# TASK REQUIREMENTS
In full and without alteration, print the records below, minus any images.

(Stored entries)

-------

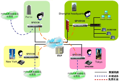 隨著公司在全世界開設(shè)眾多的部門,IP電話技術(shù)將會(huì)是不同分公司之間實(shí)現(xiàn)低費(fèi)用高品質(zhì)語音通訊的方式。SINOCO公司的IP-PBX 系統(tǒng)解決方案,利用 SPX-5130設(shè)備通過互連網(wǎng)連接到公司的各個(gè)分支機(jī)構(gòu),提供分級(jí)體系結(jié)構(gòu),更進(jìn)一步提供了可靠的,靈活的語音通訊解決方案,從而滿足公司快速回應(yīng)客戶的需求。同時(shí),它也降低了總部和分部之間的電話費(fèi)用。總部和分部間昂貴的國際電話費(fèi)用將不再存在, 而且享受高品質(zhì)的語音通訊質(zhì)量。
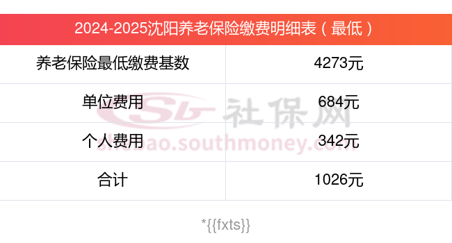 据新社通app显示,沈阳职工养老保险最低缴费基数为:4273元;单位和个人的缴费比例分别为:16%、8%;
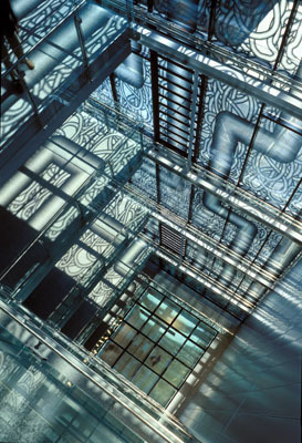 Auch der Konzeptkünstlers Daniel Buren spielt mit einer Glasfläche, indem er in die Passagenüberdachung einzelne bunte Glasfelder integriert und so den darunterliegenden Raum in angenehmes natürliches Licht taucht.
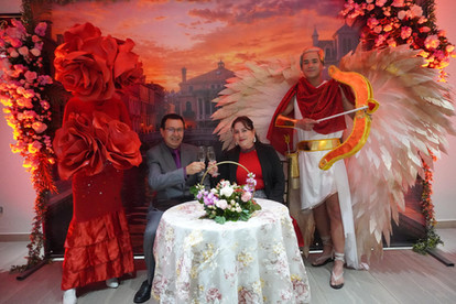 Desde el ingreso, los asistentes fueron recibidos por personajes inspirados en la magia veneciana, marcando el tono de una velada distinta. El backing temático, cuidadosamente ambientado, se convirtió en el escenario perfecto para fotografías y primeros brindis, mientras el Salón Cosme Renella se llenaba de expectativa y sonrisas.
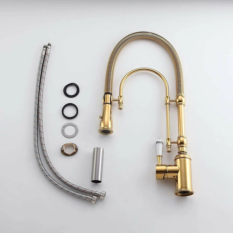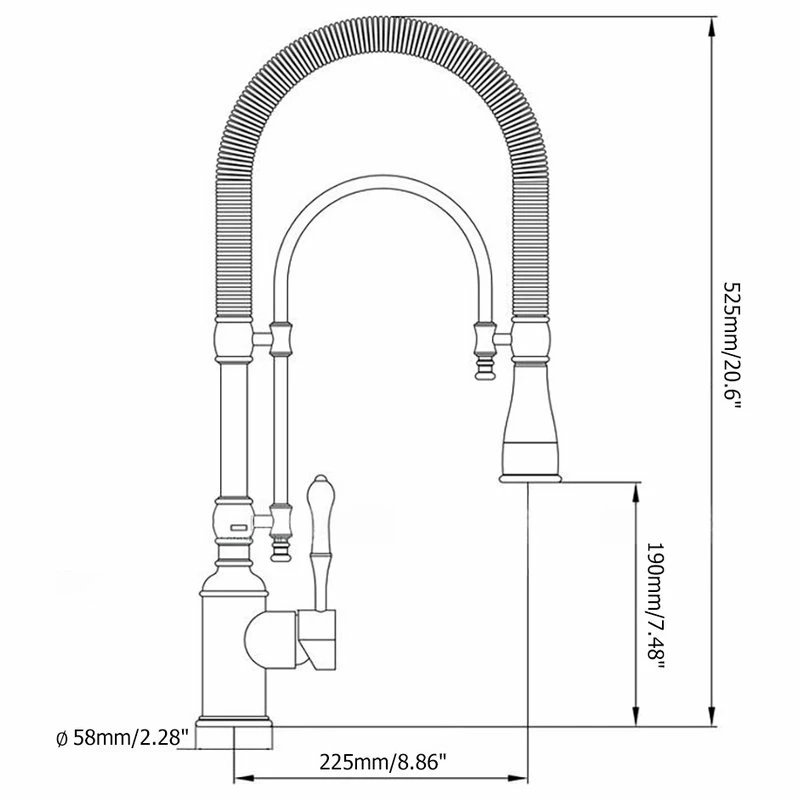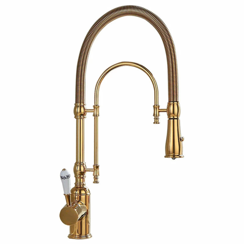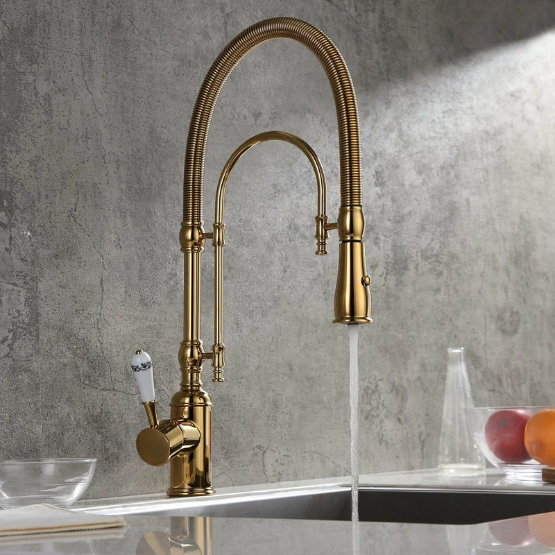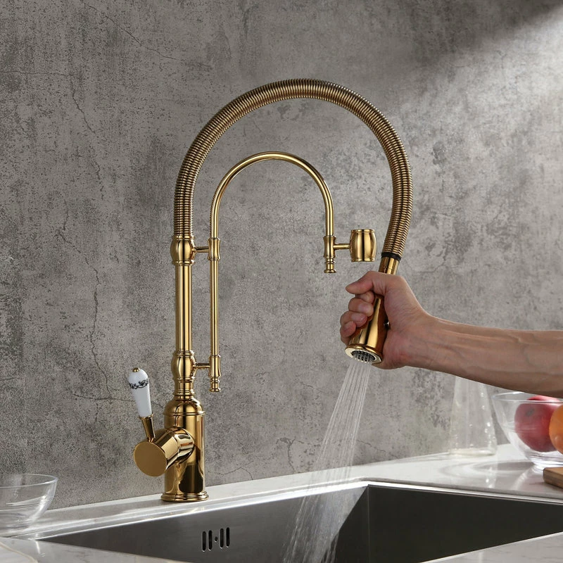 This splendid swirling dual-mode solid brass kitchen faucet with porcelain handle offers a unique blend of traditional elements and modern fluidity to complement an eclectic design with refreshed sophistication. Clean lines and a high arc spout create a sleek contemporary look. The spray head is ergonomically designed with a comfortable grip and allows you to instantly switch from stream to spray at a touch of the button. To fulfill any washing task, the spout swirls 360° to reach every corner of the sink. Worth buying!
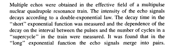 Multiple echos were obtained in the effective field of a multipulse nuclear quadrupole resonance train. The intensity of the echo signals decays according to a double-exponential law. The decay time in the "short" exponential function was measured and the dependence of the decay on the interval between the pulses and the number of cycles in a "supercycle" in the train were measured. It was found that in the "long" exponential function the echo signals merge into pairs.
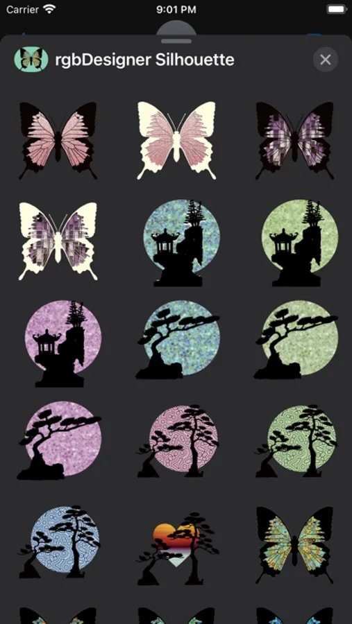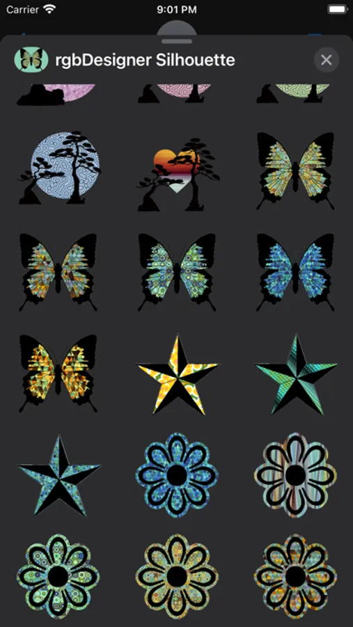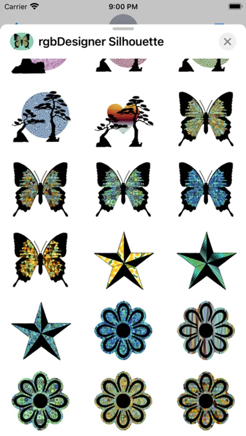 Inspired by paper cut illustrations from last century, and combined with beautiful digital colourfield images made with our rgbDesigner app, these elegant stickers will enhance and enrich your digital life. Forty one ways to amuse and delight your friends. New dark mode stickers. Always choose beauty.
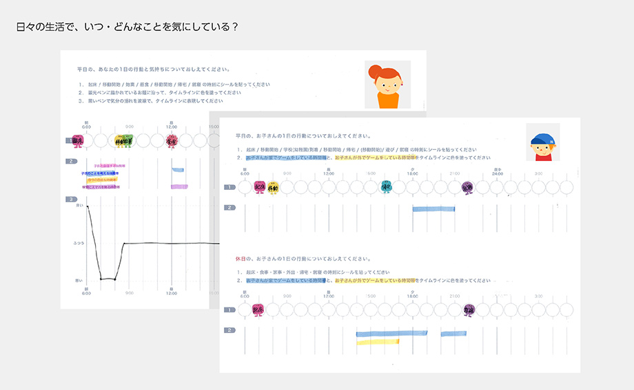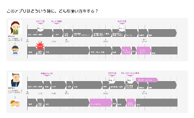 家族のあり方はさまざまだと思います。どういう家庭で、どういう状況でこの「悶々体験」が起こってしまうのか? を「ユーザの可視化」「ユーザの行動分析」「家族のそれぞれのタイムラインの見える化」といったいわゆる、サービスデザイン思考を愚直に重ね、チーム内での合意を大事にしながらサービスそのものを設計していきました。
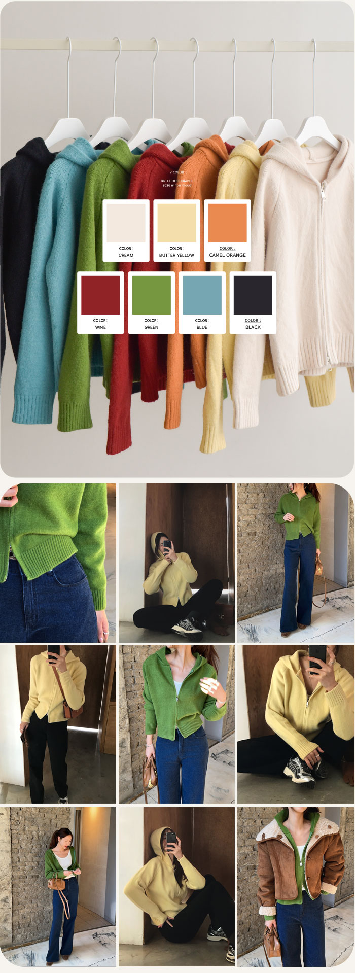 크림,버터옐로우,와인,그린,카멜오렌지,블루,블랙
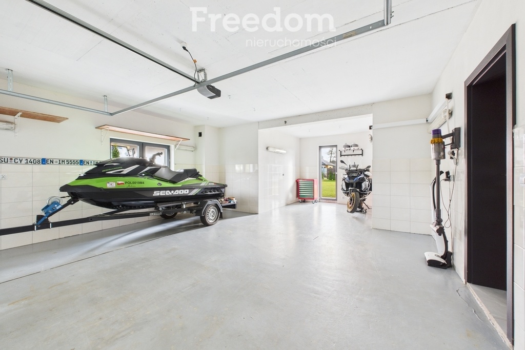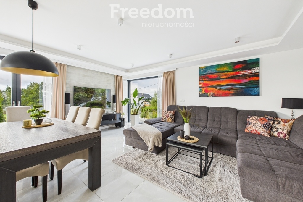 Wchodząc do budynku znajdujemy się w obszernym wiatrołapie, cały parter domu to część dzienna pięknie doświetlony salon z oknami z trzech stron świata i wyjściem na duży taras i bezpośrednio do ogrodu. Duży aneks kuchenny z wyspą na której znajduje się płyta grzewcza. Doskonale dobrana stała zabudowa kuchni wraz ze sprzętem agd: okap, duża lodówka, piekarnik, zmywarka. Zaraz przy kuchni bardzo przydatna spiżarnia. Na parterze znajduje się również łazienka do użytku osób przebywających na parterze. Z przedpokoju prowadzi wejście do bardzo dużego garażu, mieszczący wszystkie pojazdy obecnych właścicieli. Wg pierwotnego projektu na parterze w garażu istnieje możliwość wykonania dodatkowego pokoju z wyjściem na taras.
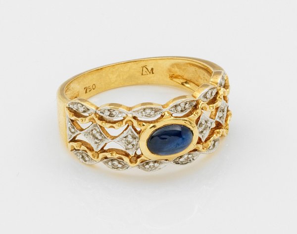 Gelbgold, gest. 750. Zentral besetzt mit einem Saphir-Cabochon und kleinen Diamanten. Gew. ca. 4,36 g.
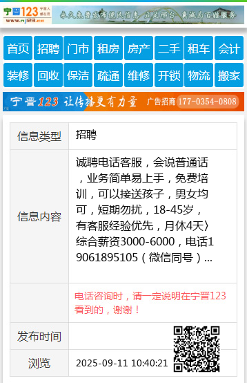 诚聘电话客服,会说普通话,业务简单易上手,免费培训,可以接送孩子,男女均可,短期勿扰,18-45岁,有客服经验优先,月休4天〉综合薪资3000-6000,电话19061895105(微信同号)
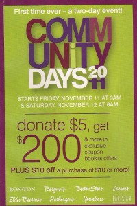 Have you heard of Community Days? It’s a coupon booklet/program that happens once a year and is sponsored by the following department stores: Younkers, Elder-Beerman, Bon-Ton, Bergner’s, Boston Store, Carson’s, Hergerger’s and Parisian (Detroit area). You simply purchase a coupon book for $5 and that coupon book includes (1) $10 off coupon on a regular or sale price item of $10 or more throughout the store including brands that rarely go on sale.

-------

# TASK OUTPUT
 隨著公司在全世界開設(shè)眾多的部門,IP電話技術(shù)將會(huì)是不同分公司之間實(shí)現(xiàn)低費(fèi)用高品質(zhì)語音通訊的方式。SINOCO公司的IP-PBX 系統(tǒng)解決方案,利用 SPX-5130設(shè)備通過互連網(wǎng)連接到公司的各個(gè)分支機(jī)構(gòu),提供分級(jí)體系結(jié)構(gòu),更進(jìn)一步提供了可靠的,靈活的語音通訊解決方案,從而滿足公司快速回應(yīng)客戶的需求。同時(shí),它也降低了總部和分部之間的電話費(fèi)用。總部和分部間昂貴的國際電話費(fèi)用將不再存在, 而且享受高品質(zhì)的語音通訊質(zhì)量。
 据新社通app显示,沈阳职工养老保险最低缴费基数为:4273元;单位和个人的缴费比例分别为:16%、8%;
 Auch der Konzeptkünstlers Daniel Buren spielt mit einer Glasfläche, indem er in die Passagenüberdachung einzelne bunte Glasfelder integriert und so den darunterliegenden Raum in angenehmes natürliches Licht taucht.
 Desde el ingreso, los asistentes fueron recibidos por personajes inspirados en la magia veneciana, marcando el tono de una velada distinta. El backing temático, cuidadosamente ambientado, se convirtió en el escenario perfecto para fotografías y primeros brindis, mientras el Salón Cosme Renella se llenaba de expectativa y sonrisas.
 This splendid swirling dual-mode solid brass kitchen faucet with porcelain handle offers a unique blend of traditional elements and modern fluidity to complement an eclectic design with refreshed sophistication. Clean lines and a high arc spout create a sleek contemporary look. The spray head is ergonomically designed with a comfortable grip and allows you to instantly switch from stream to spray at a touch of the button. To fulfill any washing task, the spout swirls 360° to reach every corner of the sink. Worth buying!
 Multiple echos were obtained in the effective field of a multipulse nuclear quadrupole resonance train. The intensity of the echo signals decays according to a double-exponential law. The decay time in the "short" exponential function was measured and the dependence of the decay on the interval between the pulses and the number of cycles in a "supercycle" in the train were measured. It was found that in the "long" exponential function the echo signals merge into pairs.
 Inspired by paper cut illustrations from last century, and combined with beautiful digital colourfield images made with our rgbDesigner app, these elegant stickers will enhance and enrich your digital life. Forty one ways to amuse and delight your friends. New dark mode stickers. Always choose beauty.
 家族のあり方はさまざまだと思います。どういう家庭で、どういう状況でこの「悶々体験」が起こってしまうのか? を「ユーザの可視化」「ユーザの行動分析」「家族のそれぞれのタイムラインの見える化」といったいわゆる、サービスデザイン思考を愚直に重ね、チーム内での合意を大事にしながらサービスそのものを設計していきました。
 크림,버터옐로우,와인,그린,카멜오렌지,블루,블랙
 Wchodząc do budynku znajdujemy się w obszernym wiatrołapie, cały parter domu to część dzienna pięknie doświetlony salon z oknami z trzech stron świata i wyjściem na duży taras i bezpośrednio do ogrodu. Duży aneks kuchenny z wyspą na której znajduje się płyta grzewcza. Doskonale dobrana stała zabudowa kuchni wraz ze sprzętem agd: okap, duża lodówka, piekarnik, zmywarka. Zaraz przy kuchni bardzo przydatna spiżarnia. Na parterze znajduje się również łazienka do użytku osób przebywających na parterze. Z przedpokoju prowadzi wejście do bardzo dużego garażu, mieszczący wszystkie pojazdy obecnych właścicieli. Wg pierwotnego projektu na parterze w garażu istnieje możliwość wykonania dodatkowego pokoju z wyjściem na taras.
 Gelbgold, gest. 750. Zentral besetzt mit einem Saphir-Cabochon und kleinen Diamanten. Gew. ca. 4,36 g.
 诚聘电话客服,会说普通话,业务简单易上手,免费培训,可以接送孩子,男女均可,短期勿扰,18-45岁,有客服经验优先,月休4天〉综合薪资3000-6000,电话19061895105(微信同号)
 Have you heard of Community Days? It’s a coupon booklet/program that happens once a year and is sponsored by the following department stores: Younkers, Elder-Beerman, Bon-Ton, Bergner’s, Boston Store, Carson’s, Hergerger’s and Parisian (Detroit area). You simply purchase a coupon book for $5 and that coupon book includes (1) $10 off coupon on a regular or sale price item of $10 or more throughout the store including brands that rarely go on sale.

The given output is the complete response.